Another company going through a period of digestion following acquisitions is Stericycle (SRCL). The firm is in the waste management business but has traditionally targeted medical waste – difficult to dispose of and highly regulated. Stericycle has coverage and incineration facilities that are unmatched and which allowed it to rack up enviable margins and returns on capital through the years, with returns on equity regularly exceeding 20%. They then took their model and attempted to take it further afield with a $275 million acquisition of PSC Environmental in 2014 and $2.3 billion buy of Shred-It in 2015.
PCS Environmental fit nicely within Stericycle’s portfolio, as a provider of services for the disposal of regulated waste, such as chemical spills and household hazardous waste. The Shred-It acquisition was somewhat bizarre and threw investors a curveball. Shred-It is exactly in the business you would expect from its name: document disposal. Despite the commodified and declining nature of the business, Stericycle was optimistic that it could cross-sell better as well as take advantage of a Latin American footprint.
Sales have predictably expanded, now at $3.6 billion a year, but profitability has not followed suit.

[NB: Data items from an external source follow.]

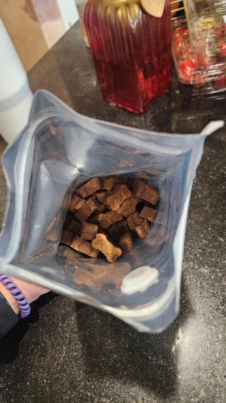 When i got these i was happy to see it was a resealable bag. Hamish has been taking them about 10 days now. He likes them and gets excited like they're treats. He's a senior dog with a bad hip so I'm looking for good things from him being on these.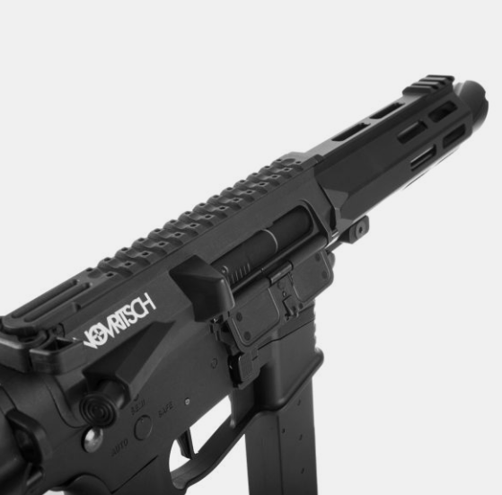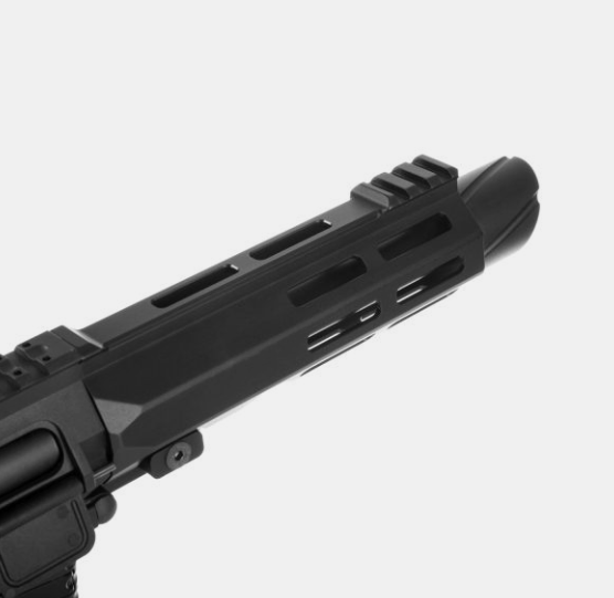- Polymer body with top Picatinny rail for accessories and CNC aluminium slotted Handguard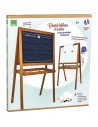 Tableau Triptyque 'La Forêt' : Tableau en bois teinté chêne avec une ardoise centrale pour écrire à la craie et deux volets avec une face pour la craie et une face avec une planche pédagogique Deyrolle ‘La Forêt’. Plumier en bois et accessoires : boîte de 3 craies et brosse à tableau.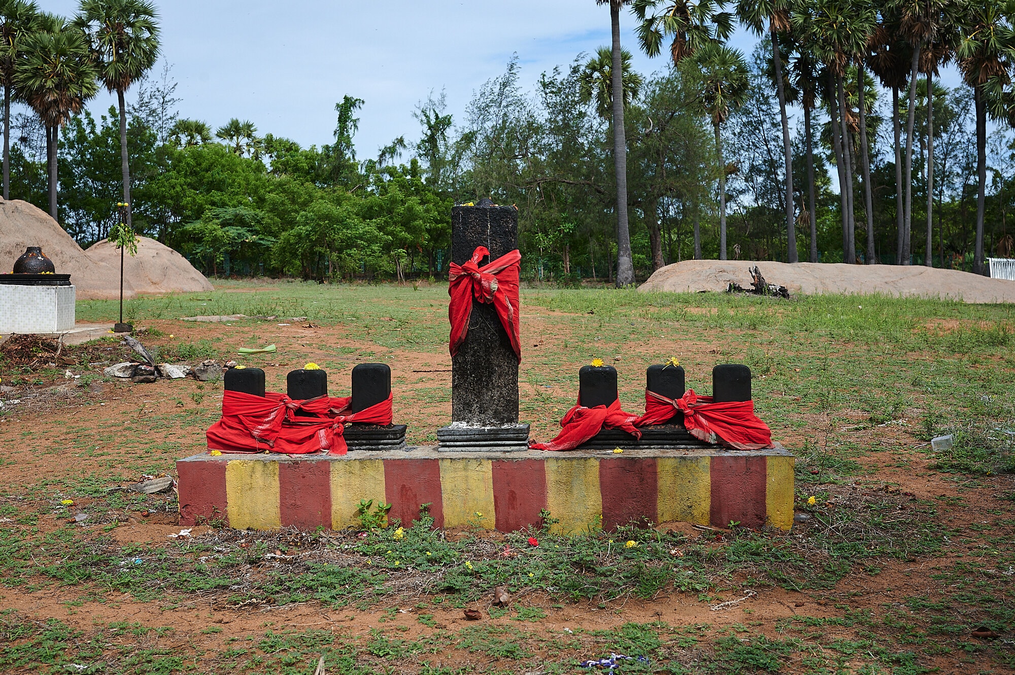 On continue notre route vers Pondichéry. Petit arrêt pour un nouveau site animiste près d’un village. On en profite pour traverser le village à pied. Rencontre avec des personnes ramassant le sésame noir, on goute les petites graines.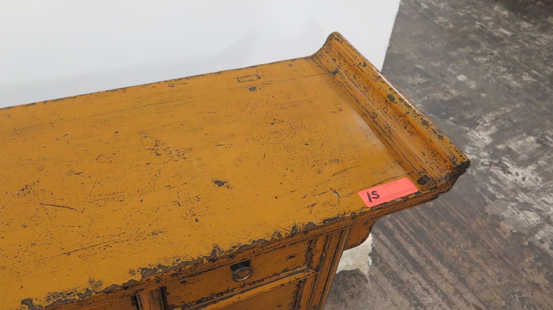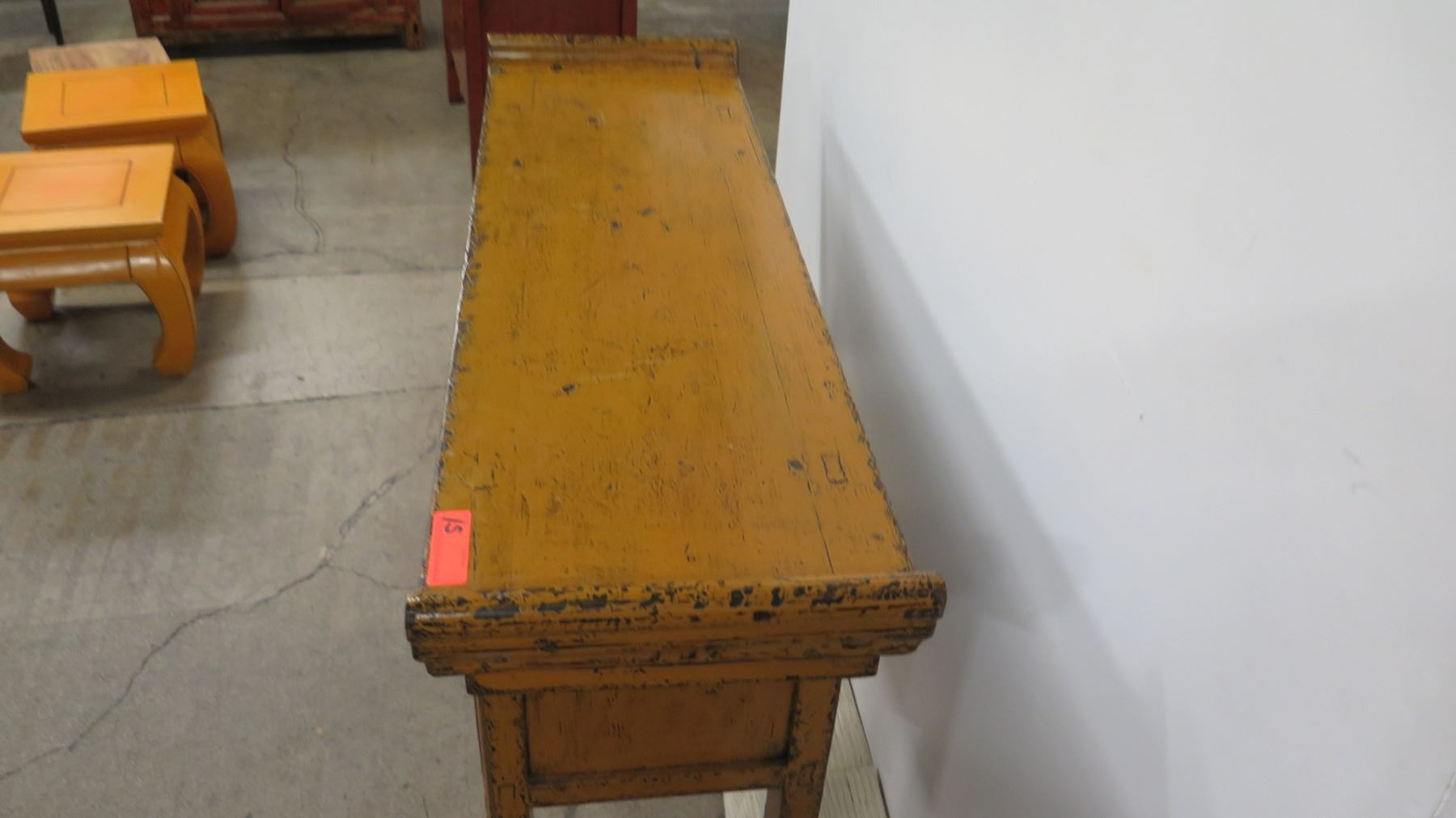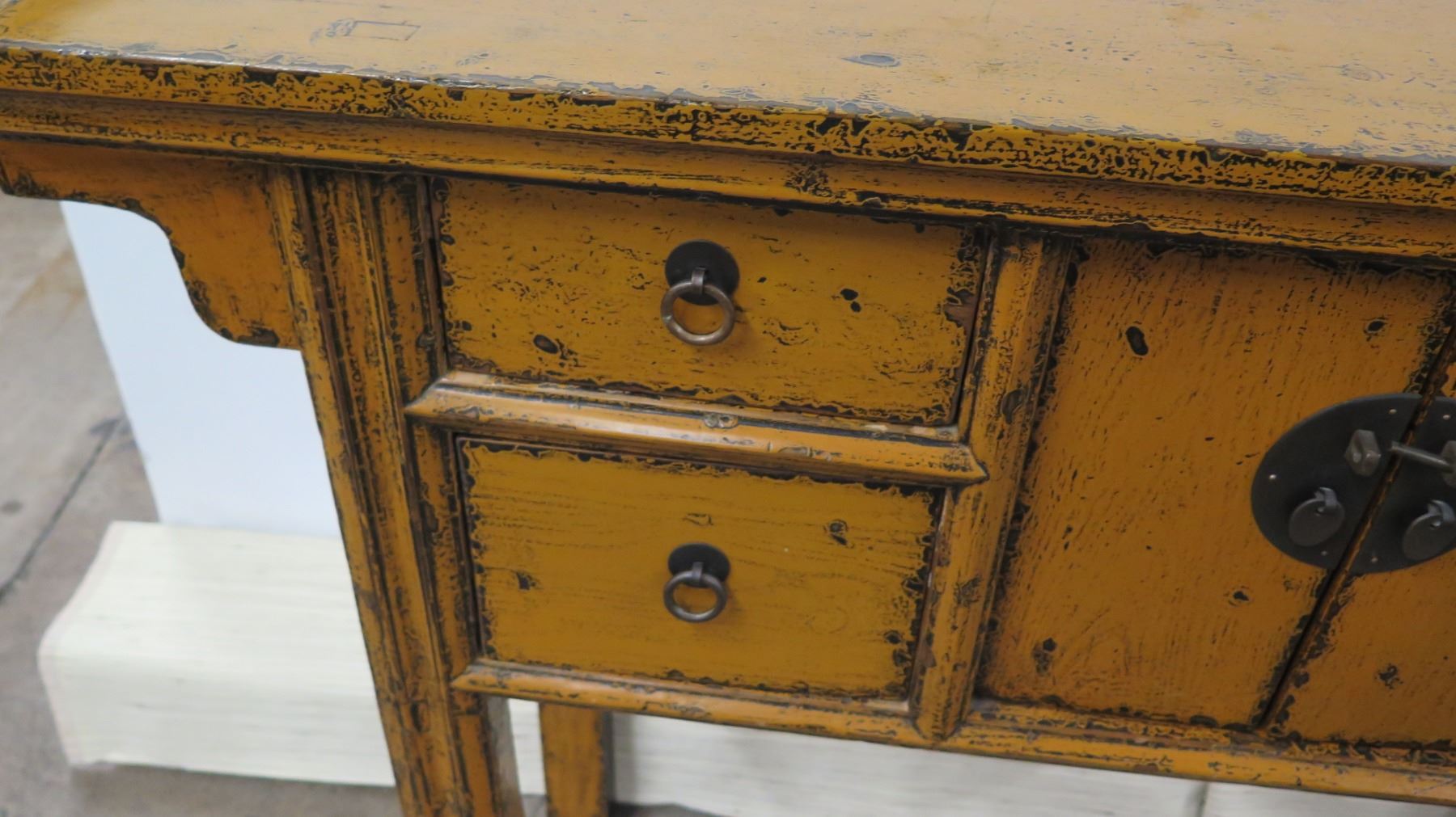 Curved Wooden Asian Entry Table w/ 2 Door Cabinet & 4 Drawers 49" x 15" x 37" Tall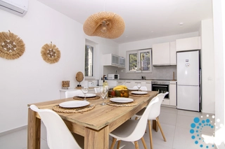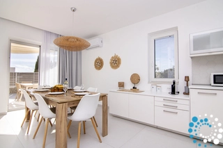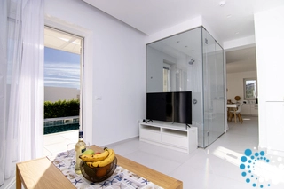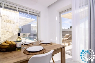 Alle ramen zijn naar het zuiden gericht en de hoofdingang ligt op het noorden. Op de begane grond bevindt zich de volledig uitgeruste keuken, verbonden met de grote eetkamer met directe toegang naar buiten. De woonkamer is voorzien van een smart-tv en een slaapbank, en daarnaast is er een regendouche, die direct naar het zwembad leidt.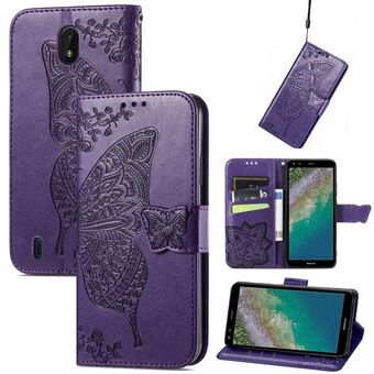 Butterfly Love Flowers Embossed Horizontal Flip Leather Case with Holder & Card Slots & Wallet & Lanyard For Nokia C01 Plus(Dark Purple)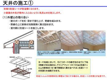 天井の石膏ボードのすべての継ぎ目には野縁を入れるので、天井には防湿フィルムを貼らなくてよい方法。(III~IV(東京)の地域の場合)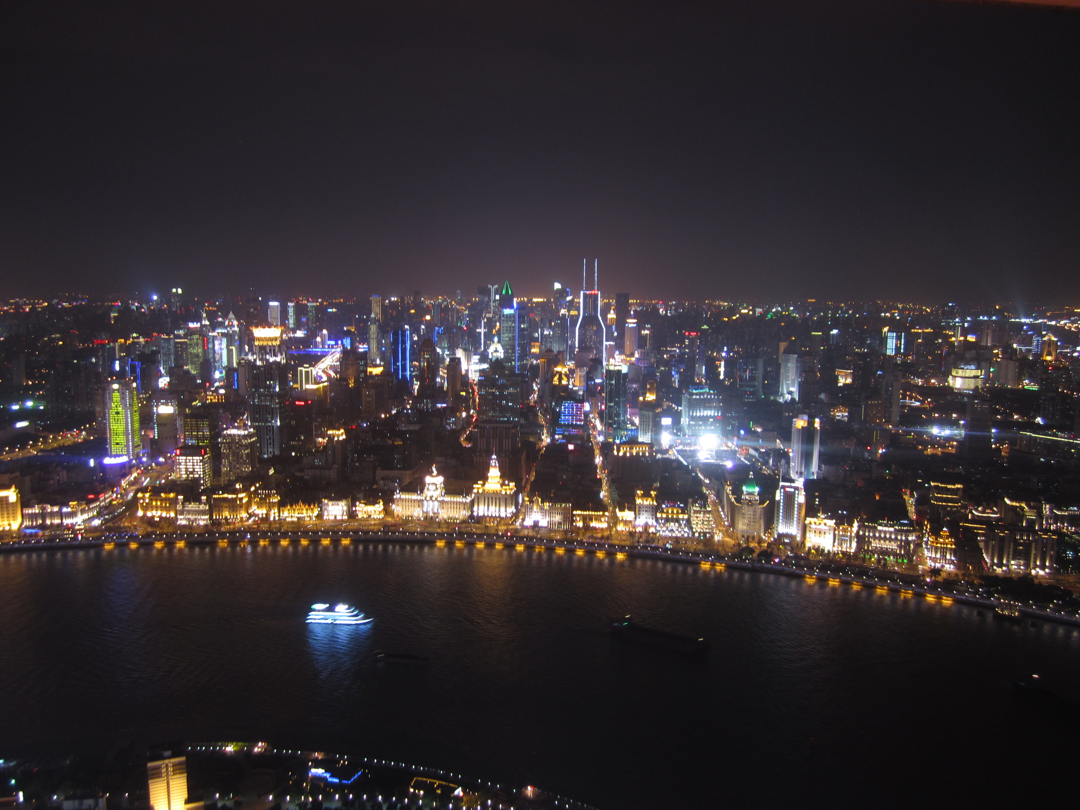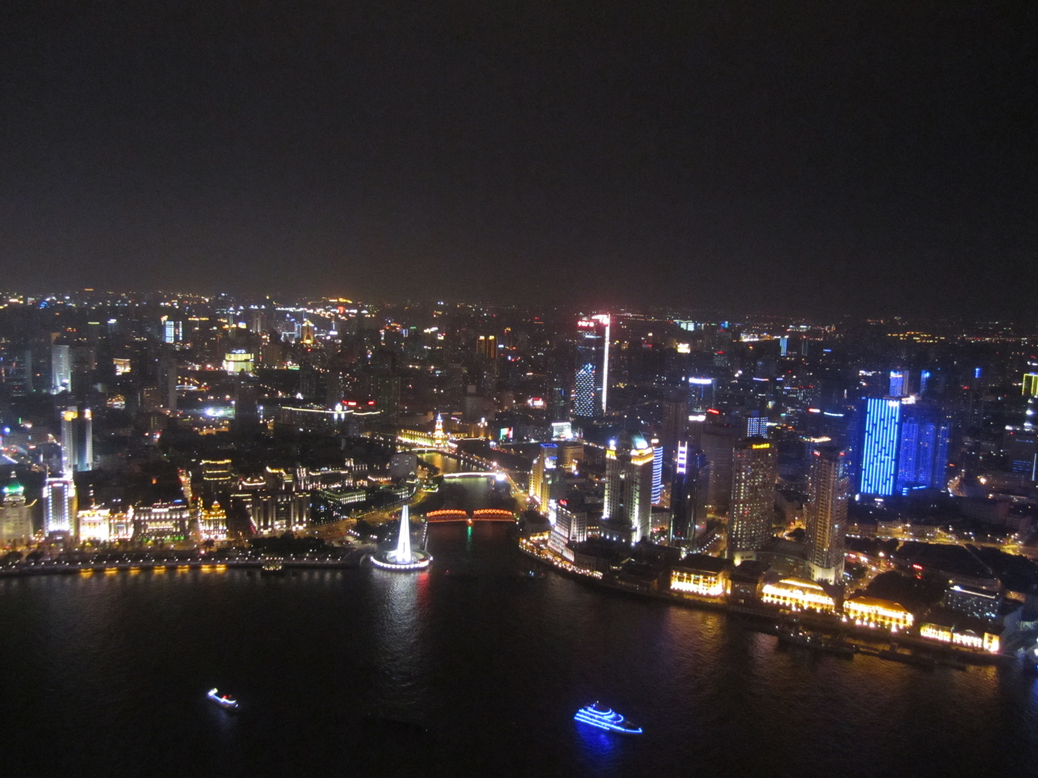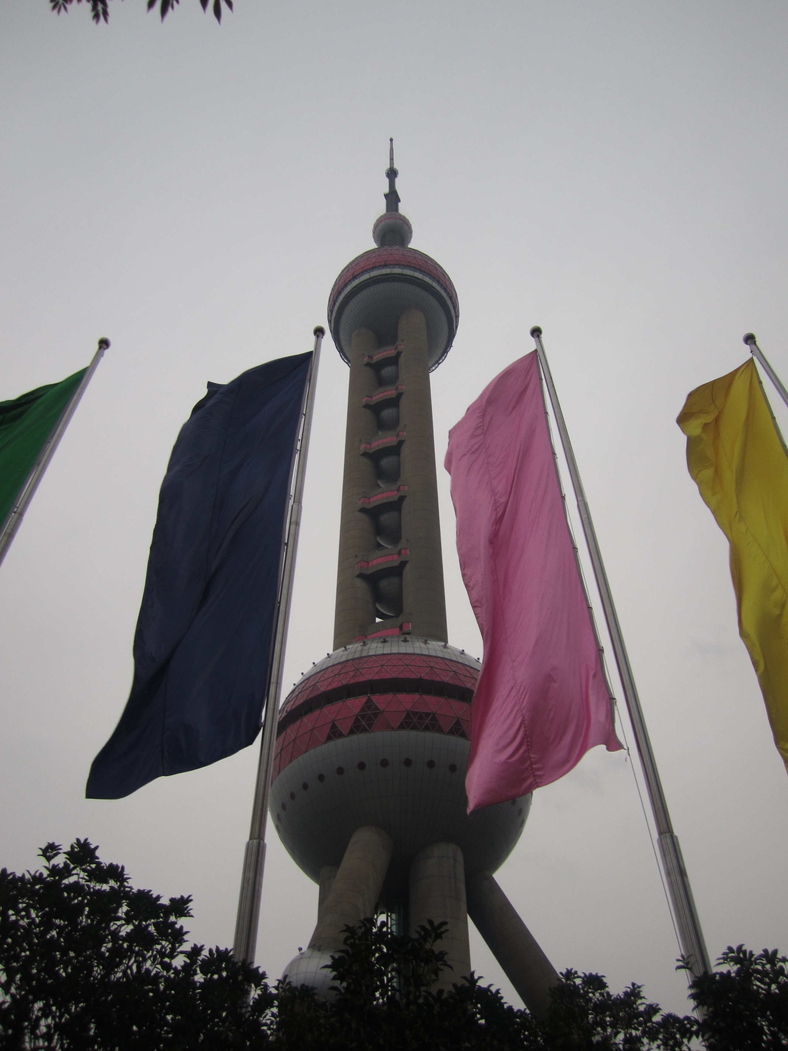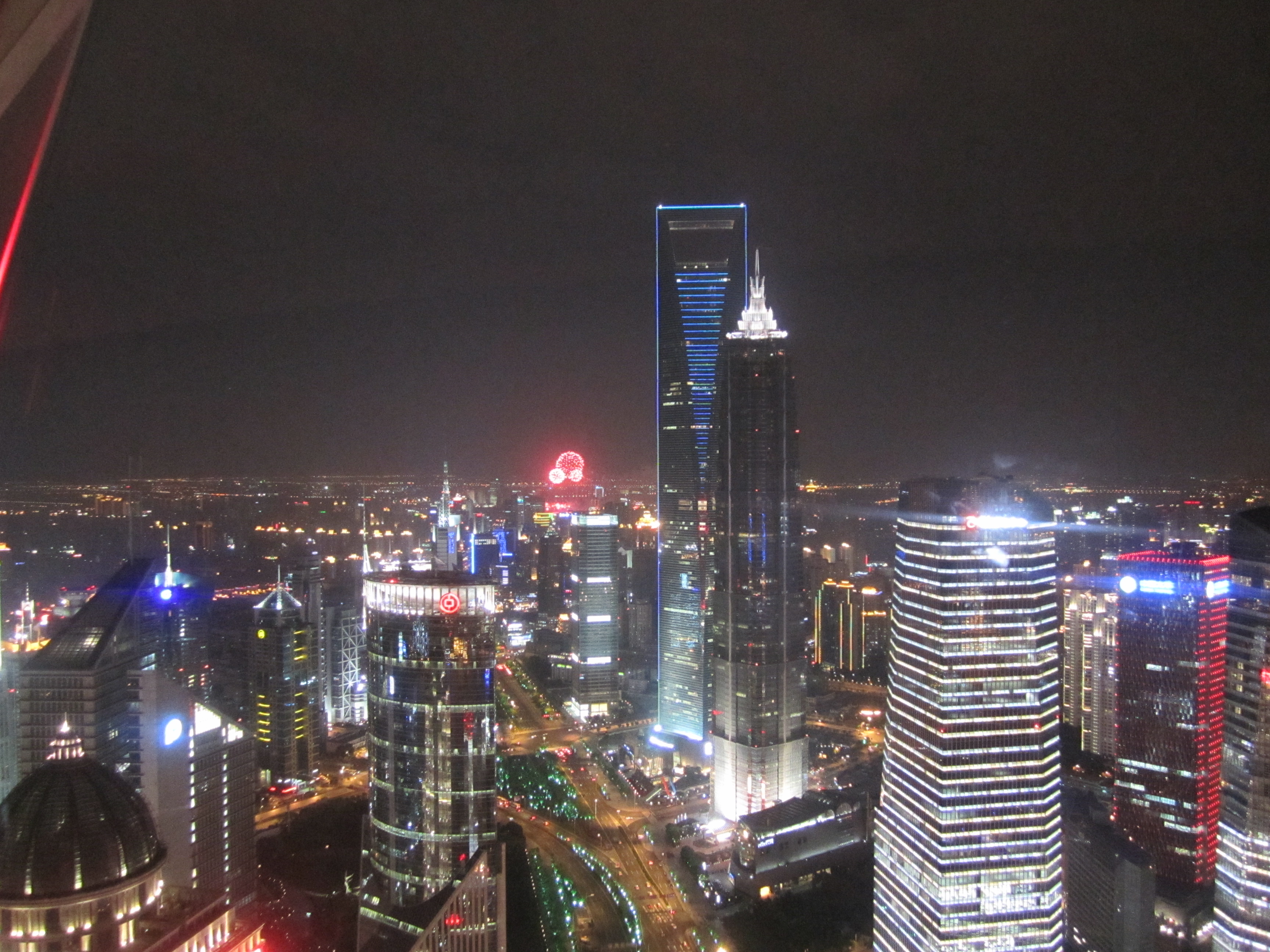 Le soir, je suis revenu pour aller voir l'Oriental Tower, la 3eme plus haute tour de TV et radio au monde (468m). Elle ressemble à une espèce d'immense aiguille à tricoter en béton gris, avec une haute tige verticale à laquelle s'accrochent 2 grosses boules avec des baies vitrées de couleur rose et une 3eme boule, plus petite, au pied de la flèche finale. Idéal pour voir tout le Bund de nuit. Il y a grosso-modo 3 niveaux pour profiter de la vue. Tout en haut, mais une vitre est présente. Au milieu, pour prendre une photo sur le sol en verre. Et enfin, un peu plus bas où l'on est plus ou moins à l'air libre.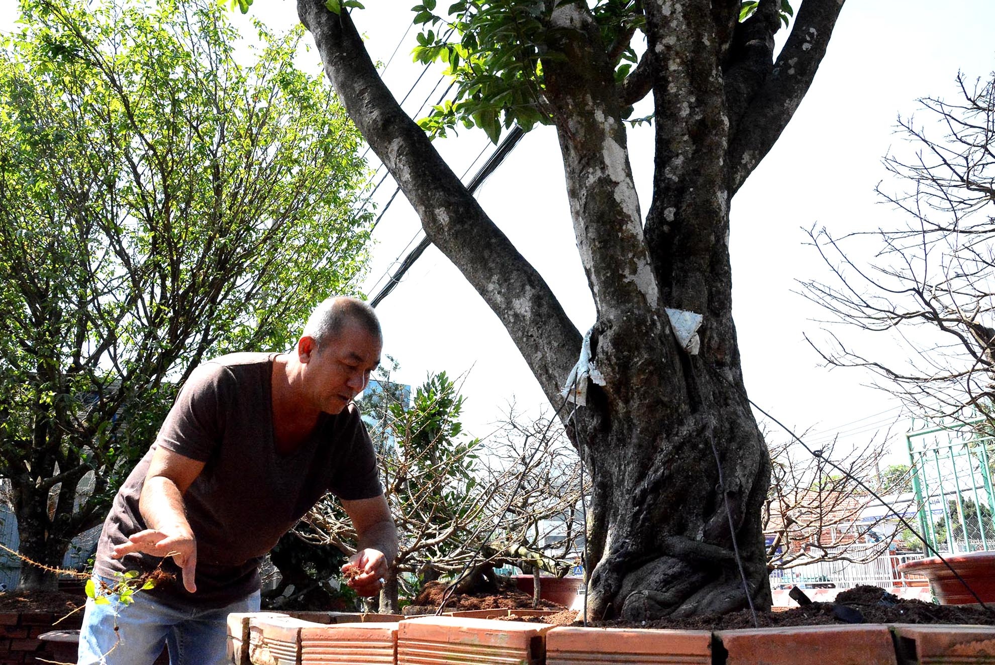 | Ông Giang Kiến Hòa, nghệ nhân gắn bó hơn 20 năm với nghề trồng mai ở phường Hiệp Bình Phước, quận Thủ Đức, TP HCM, cho biết: “Tôi săn mai cổ thụ này ở Đồng Nai nhiều năm trước. Ban đầu nhìn gốc mai có dáng và gốc rất hoàn hảo nên quyết định mua”. |

The company’s cash flow margin in 2012 of 21% has shrunk to 14% over the previous year.
Missteps aside, the market appears to have overcorrected and missed that the core business at Stericycle is still one with numerous competitive advantages. The stock peaked at $149 a share in 2015 but trades today at just $62.75. It still generates sustainable free cash flow of $400 million a year and net debt, which had grown to $3.2 billion following the purchase of Shred-It, has fallen to $2.7 billion. It is too cheap at 12x free cash flow per share.